Data records:
┏━━
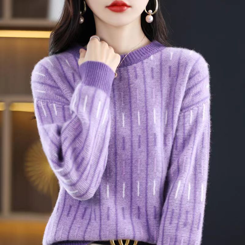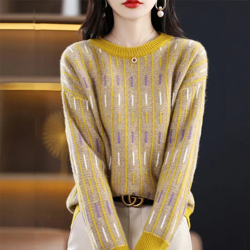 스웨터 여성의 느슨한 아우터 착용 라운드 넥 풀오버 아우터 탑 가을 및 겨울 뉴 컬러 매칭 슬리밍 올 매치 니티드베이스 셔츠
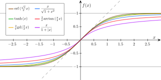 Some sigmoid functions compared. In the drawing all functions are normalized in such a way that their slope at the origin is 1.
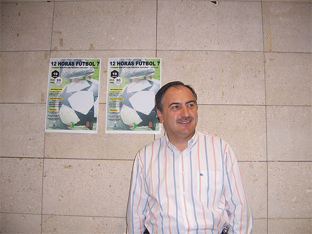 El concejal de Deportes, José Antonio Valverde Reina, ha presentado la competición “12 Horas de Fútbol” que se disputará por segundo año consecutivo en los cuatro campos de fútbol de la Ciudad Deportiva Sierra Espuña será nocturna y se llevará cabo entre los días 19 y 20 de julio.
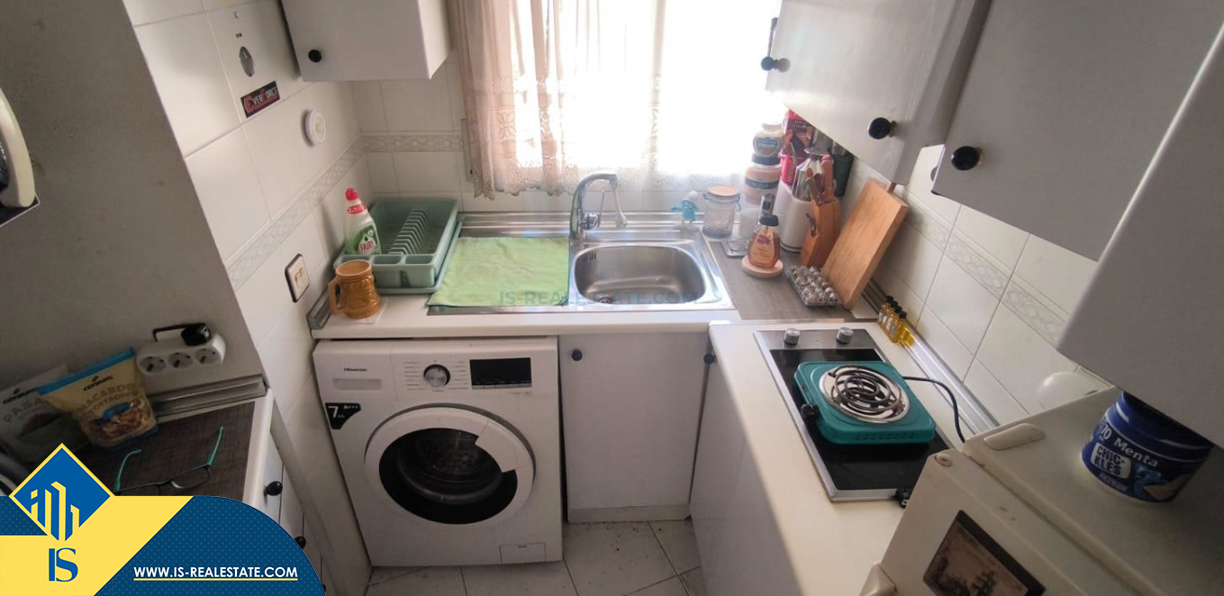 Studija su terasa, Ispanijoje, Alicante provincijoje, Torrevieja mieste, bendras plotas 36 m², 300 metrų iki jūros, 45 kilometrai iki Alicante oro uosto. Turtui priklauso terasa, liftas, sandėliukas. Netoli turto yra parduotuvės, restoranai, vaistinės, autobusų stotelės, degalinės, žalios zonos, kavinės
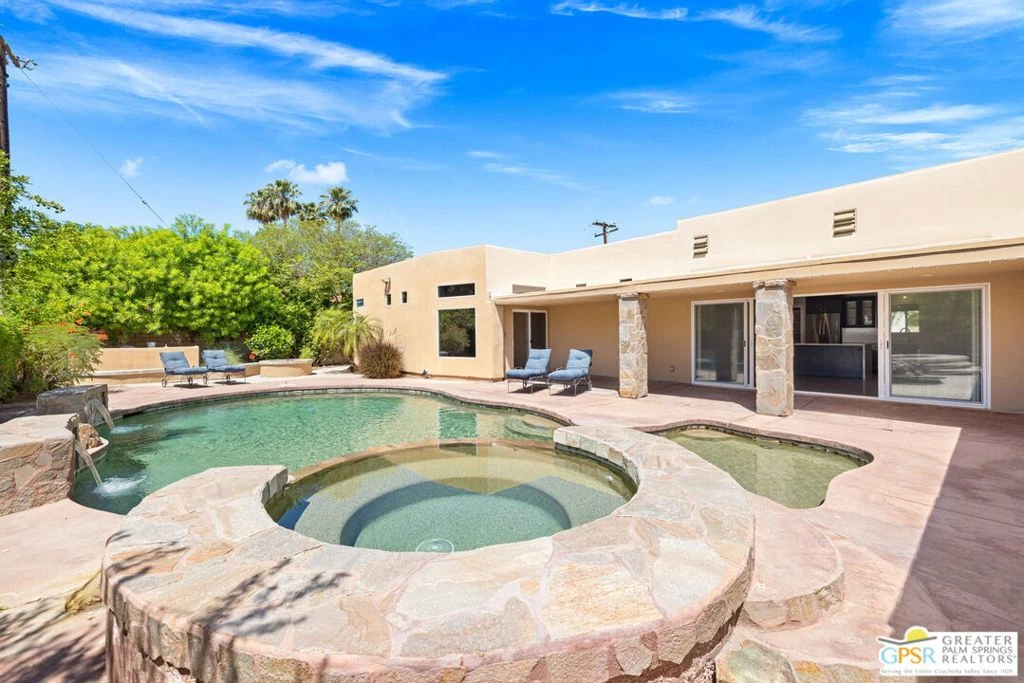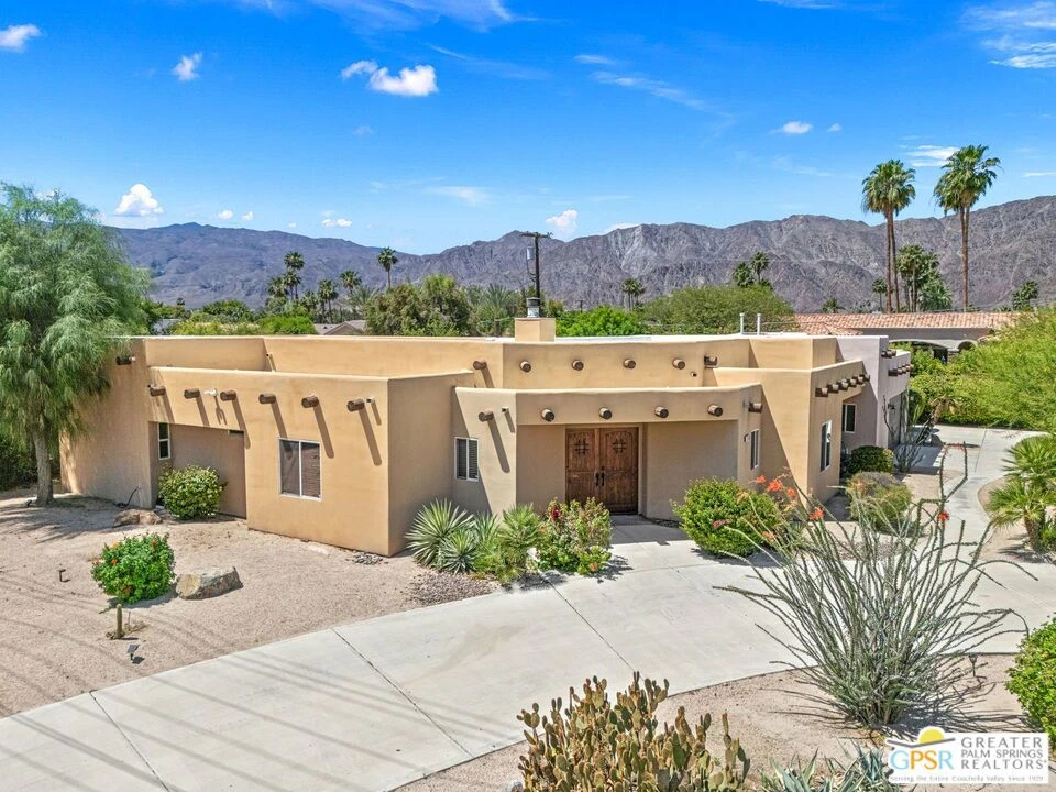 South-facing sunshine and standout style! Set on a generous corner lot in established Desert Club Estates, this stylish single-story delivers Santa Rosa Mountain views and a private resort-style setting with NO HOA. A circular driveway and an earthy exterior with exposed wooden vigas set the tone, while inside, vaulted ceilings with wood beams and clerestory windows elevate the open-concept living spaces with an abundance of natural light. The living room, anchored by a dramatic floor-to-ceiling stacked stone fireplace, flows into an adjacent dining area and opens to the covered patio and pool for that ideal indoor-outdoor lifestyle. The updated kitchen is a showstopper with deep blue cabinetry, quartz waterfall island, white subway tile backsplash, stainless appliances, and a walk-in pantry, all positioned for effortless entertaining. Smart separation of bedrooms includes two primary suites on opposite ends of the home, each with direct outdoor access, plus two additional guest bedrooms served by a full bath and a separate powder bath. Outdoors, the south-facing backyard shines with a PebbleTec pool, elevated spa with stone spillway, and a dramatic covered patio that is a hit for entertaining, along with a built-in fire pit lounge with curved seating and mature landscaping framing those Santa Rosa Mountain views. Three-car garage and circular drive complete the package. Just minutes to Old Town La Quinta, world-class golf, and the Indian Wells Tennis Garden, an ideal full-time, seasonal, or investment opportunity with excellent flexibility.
┗━━
● Work to complete:
In your copy, please omit the pictures and print every line of the records exactly.

● Finished task:
 스웨터 여성의 느슨한 아우터 착용 라운드 넥 풀오버 아우터 탑 가을 및 겨울 뉴 컬러 매칭 슬리밍 올 매치 니티드베이스 셔츠
 Some sigmoid functions compared. In the drawing all functions are normalized in such a way that their slope at the origin is 1.
 El concejal de Deportes, José Antonio Valverde Reina, ha presentado la competición “12 Horas de Fútbol” que se disputará por segundo año consecutivo en los cuatro campos de fútbol de la Ciudad Deportiva Sierra Espuña será nocturna y se llevará cabo entre los días 19 y 20 de julio.
 Studija su terasa, Ispanijoje, Alicante provincijoje, Torrevieja mieste, bendras plotas 36 m², 300 metrų iki jūros, 45 kilometrai iki Alicante oro uosto. Turtui priklauso terasa, liftas, sandėliukas. Netoli turto yra parduotuvės, restoranai, vaistinės, autobusų stotelės, degalinės, žalios zonos, kavinės
 South-facing sunshine and standout style! Set on a generous corner lot in established Desert Club Estates, this stylish single-story delivers Santa Rosa Mountain views and a private resort-style setting with NO HOA. A circular driveway and an earthy exterior with exposed wooden vigas set the tone, while inside, vaulted ceilings with wood beams and clerestory windows elevate the open-concept living spaces with an abundance of natural light. The living room, anchored by a dramatic floor-to-ceiling stacked stone fireplace, flows into an adjacent dining area and opens to the covered patio and pool for that ideal indoor-outdoor lifestyle. The updated kitchen is a showstopper with deep blue cabinetry, quartz waterfall island, white subway tile backsplash, stainless appliances, and a walk-in pantry, all positioned for effortless entertaining. Smart separation of bedrooms includes two primary suites on opposite ends of the home, each with direct outdoor access, plus two additional guest bedrooms served by a full bath and a separate powder bath. Outdoors, the south-facing backyard shines with a PebbleTec pool, elevated spa with stone spillway, and a dramatic covered patio that is a hit for entertaining, along with a built-in fire pit lounge with curved seating and mature landscaping framing those Santa Rosa Mountain views. Three-car garage and circular drive complete the package. Just minutes to Old Town La Quinta, world-class golf, and the Indian Wells Tennis Garden, an ideal full-time, seasonal, or investment opportunity with excellent flexibility.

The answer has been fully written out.